Словно морская волна набегает человечество на землю, полоняет ее и в какой-то означенный срок оставляет на ней лишь крохотные жальники, так похожие на серые заплески на морском берегу.
«... Но нет-нет, кроме покорности и покоя, что-то же есть еще в человеке; чем-то рождены и поселены кем-то в душе его пороки, слабости. Какие-то постоянные смуты тревожат человека, заставляют его хитрить и облукавливать ближнего; очищаться перед Богом и снова грешить уже с новой страстью.

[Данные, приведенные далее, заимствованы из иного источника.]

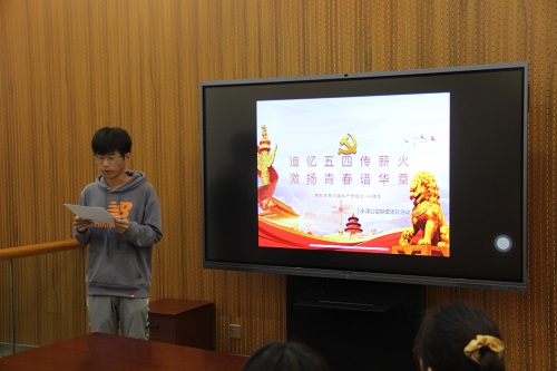 会议伊始,主持人向大家介绍了参与此次会议的成员。介绍完毕后,会议开始第一项,主持人为此次会议参会人员播放了《党史故事100讲》之五四运动,将会议向五四青年的主题靠拢。视频播放完毕后,由领誓同学带领大家重新回顾入团誓词,宣誓时会议气氛十分庄严,起到了良好的教育效果。宣誓过后,小水滴公益联盟部分成员进行了《献给青春的赞歌》诗朗诵,以文艺的方式突出了会议的主题。紧接着,会议就如何弘扬五四精神展开了问题讨论,同学们各抒己见,表达出自己的想法并与其他同学进行了思想交流,充分体现了会议的价值。在会议最后,吴盼盼对本次会议进行了总结发言。她指出,作为当代老员工,应加强对党史的学习,并积极开展类似本次会议的活动,以加强老员工对党和团的忠诚与热爱。会议结束后,同学们对会议室进行了整理并有序离开。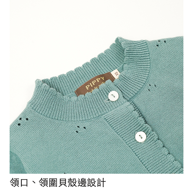 ◎低調細節: 領口、領圍貝殼邊設計

Какой ловкий бес постоянно точит душу и не дает жить в покое, руководит в зле, и даже постоянное знание неотвратимости смерти не отпугивает от дурных намерений, и ад становится пугалом только для юродивых и детей, когда настанет время согрешить и нет силы противиться злу. Почему при виде страданий поверженного недруга становится порой так легко и благостно, словно ты совершил величайший подвиг во имя добрых заповедей Христа? Отчего зло, а не добро приносит порой человеку столько приятных мгновений, от которых еще больше хочется жить и быть вечным, хочется предать душу диаволу, а совесть посчитать выдумкой пустынных отшельников, только чтобы не скрыться под травой забвения? Отчего человек умирает с именем Христа на устах, а живет по заповедям диавола? А может, Христос и диавол един в двух лицах? Но кто же такой Христос, как не кучер души нашей, наших соблазнов и прихотей. И значит, прихоть, желание наше – превыше всего, и даже самый ничтожный червь на земле живет ради нее, может и не помышляя об этом...»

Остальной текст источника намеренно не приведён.